There are some questions I have based on a couple of things you mention in your post. First though, let me give some background on how WP does rewrites to bring other members who might be trying to follow this up to speed. Then I'll come back to the specifics.

Background

WP takes any incoming URL and rewrite it to index.php with certain exceptions

So for WP, if you're using pretty permalinks or whatever WP calls them, the default .htaccess file that WP generates is


# BEGIN WordPress
<IfModule mod_rewrite.c>
RewriteEngine On
RewriteBase /
RewriteCond %{REQUEST_FILENAME} !-f
RewriteCond %{REQUEST_FILENAME} !-d
RewriteRule . /index.php [L]
</IfModule>

# END WordPress

So basically, this
- turns the rewrite engine on
- tells it to use site root as the base URL (this would be different if you had WP in a subdirectory like example.com/blog)
- tells it not to rewrite if the requested URL is a file or directory

The expected behavior would be that if you have a file named myfile (no extension) and you request

http://example.com/myfile

that request would not invoke WP at all, but would serve up the file, because it would be an exact match.

If the request does not precisely match a filename or directory name (case, extension, etc), it hands the request off to WP which parses that request. At this point, everything WP generates should come from the database. It shouldn't be including any raw files, except insofar as the generated HTML has links to files (as in the src attribute of an img tag).

What JS is saying is that something whacky is happening that interferes with this process.

Specifics

You mention


any file without an extension or with it's extension hidden by settings

Of course, it makes sense that "any file without an extension" would get sent to the browser if the url ended in that filename with no slash or nothing following it. It's the fact that in your case it ends up wrapped in a WP template that is bizarre.

The "extension hidden by settings" part is confusing to me. What settings hide an extension?

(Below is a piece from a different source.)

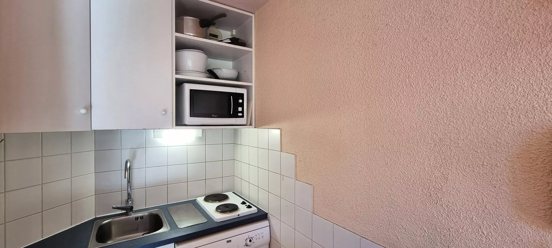 La cuisine, ouverte sur le séjour, est équipée d'un micro-ondes, de 2 plaques électriques, d'un réfrigérateur top et d'un lave vaisselle.
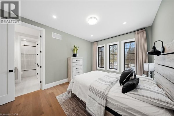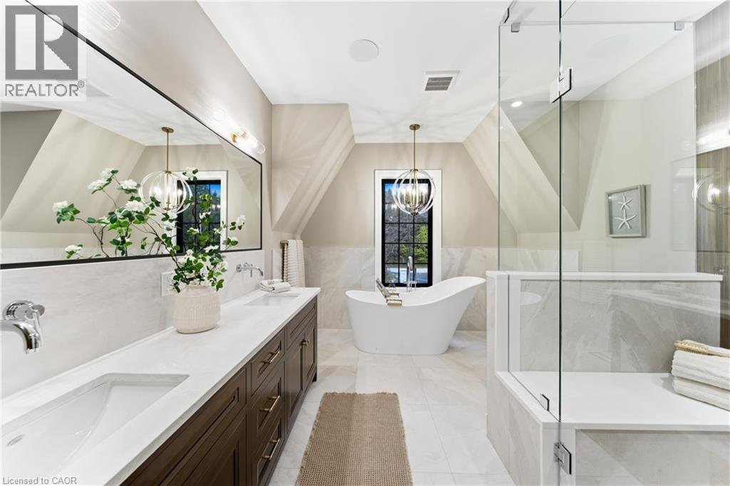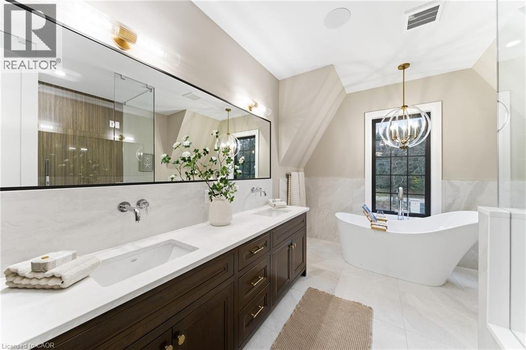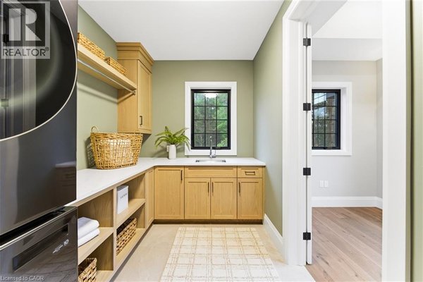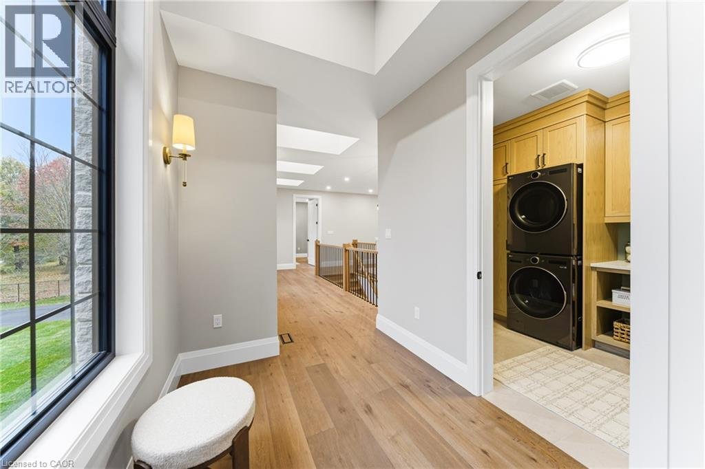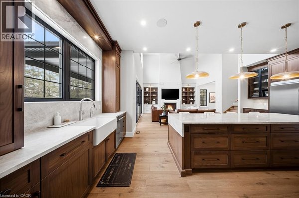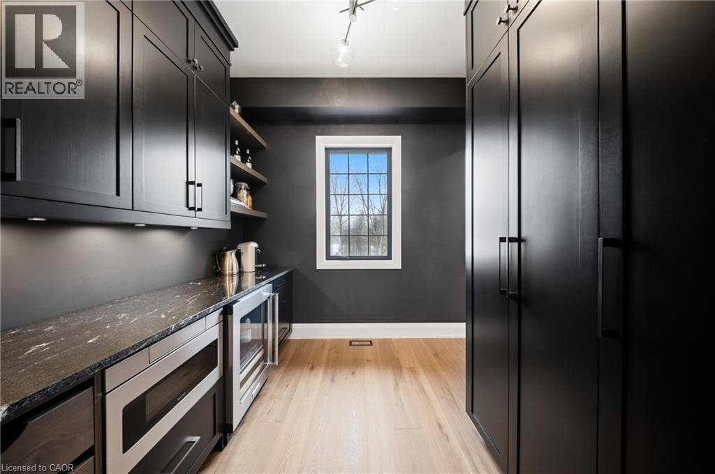 Entfliehen Sie der zeitgenössischen Eleganz auf diesem architektonisch beeindruckenden Anwesen, eingebettet auf einem ruhigen Grundstück von einem Morgen im begehrten Puslinch. Sorgfältig entworfen und meisterhaft gebaut, definiert dieses maßgeschneiderte Haus Luxus neu. Im Inneren setzen hohe Decken, weitläufige Fenster und eine skulpturale Treppe aus weißer Eiche den Ton für ein kultiviertes Wohnen. Natürliches Licht erfüllt das Haus, hebt außergewöhnliche Handwerkskunst und ein müheloses Gefühl von Offenheit hervor. Im Zentrum befindet sich eine Kochküche mit Quarzit-Arbeitsplatten, einer vollwertigen Rückwand und eleganten Barzotti-Schränken. Eine große Kücheninsel mit Sitzplätzen für sechs Personen, integrierte hochwertige Geräte, eine begehbare Butler-Speisekammer und Designer-Beleuchtung. Die Küche führt in einen zweistöckigen großen Raum, in dem ein dramatischer Gaskamin den Raum verankert. Doppelglas-Schiebetüren führen zu einer überdachten Veranda und einem privaten Hinterhof, eine idyllische Kulisse zum Entspannen oder Unterhalten. Ein formeller Speisesaal und ein privates Büro vervollständigen das Hauptgeschoss. Im Obergeschoss vier geräumige Schlafzimmer und drei voll ausgestattete Badezimmer, jedes mit Fußbodenheizung. Die Hauptsuite ist ein ruhiger Rückzugsort mit spa-inspirierten Oberflächen und einem maßgeschneiderten Kleiderschrank. Ein bequem gelegener Waschraum im Obergeschoss verbindet Praktikabilität mit raffiniertem Design. Das Untergeschoss verfügt über polierte Betonböden, ein fertiges Gästebad sowie Rohanlagen für Fußbodenheizung, eine zukünftige Küche und ein eigenes Bad. Ein Walk-up führt direkt zur vollständig isolierten Dreifachgarage, ergänzt durch eine freistehende Doppelgarage. Moderne Annehmlichkeiten umfassen 1,5-Gig Glasfaser-Internet und integriertes Audio in Küche, Büro, Garage und Haupt-En-Suite. Mit Parkmöglichkeiten für bis zu 20 Fahrzeuge, sodass jeder Anlass problemlos gerecht werden kann. Eingewickelt in Stein und Ziegel mit schwarzen Hardie-Board-Akzenten – ein wahres Statement für Design und Handwerkskunst. Nur wenige Minuten vom Highway 6 entfernt mit direktem Zugang zur 401, in der Nähe der Annehmlichkeiten von South Guelph und nur 40 Minuten vom Flughafen Pearson entfernt, vereint diese Siedlung Luxus, Lebensstil und Lage perfekt. (id:57238)

Wordpress ignores the capital letter

I poked around. All I could see is that WP will basically treat upper and lower case hostnames the same (as it should), but I don't think it does anything to the case of the URL. Obviously, I haven't looked everywhere and I certainly don't know the WP code well enough to say it absolutely wouldn't do that, but I think again that this is something set on your server (e.g. in your rewrites).

Am I following correctly that your file is named "Myfile.txt" with an uppercase initial letter and a .txt extension, but when you request "http://example.com/myfile (with no extension and all lower case), you're getting that file included as though it were a WP page? (er "post" I suppose in WP jargon).


you will see the text article as full html wrapped in a wordpress header

That part is strange to me too. I wonder, do you have a custom 404 page that tries in some way to include the requested file?

Security

Just one last note. I understand the frustrating debuggin issue - I had a similar headache recently on a site where the maintainer has a mishmash of static HTML files and drupal. He added a file that caused a namespace collision and half his dynamic pages went 404.

That said, this isn't really a security issue. The fact that a text file in the public_html directory on your server can get displayed is hardly cause for alarm. If it were a config.php file that could get displayed as straight, unparsed text, *that* would be an issue. But in this case, all that's happening is that the server is sending the requested file to the browser. If you don't want that file sent to the browser, it shouldn't be in public_html.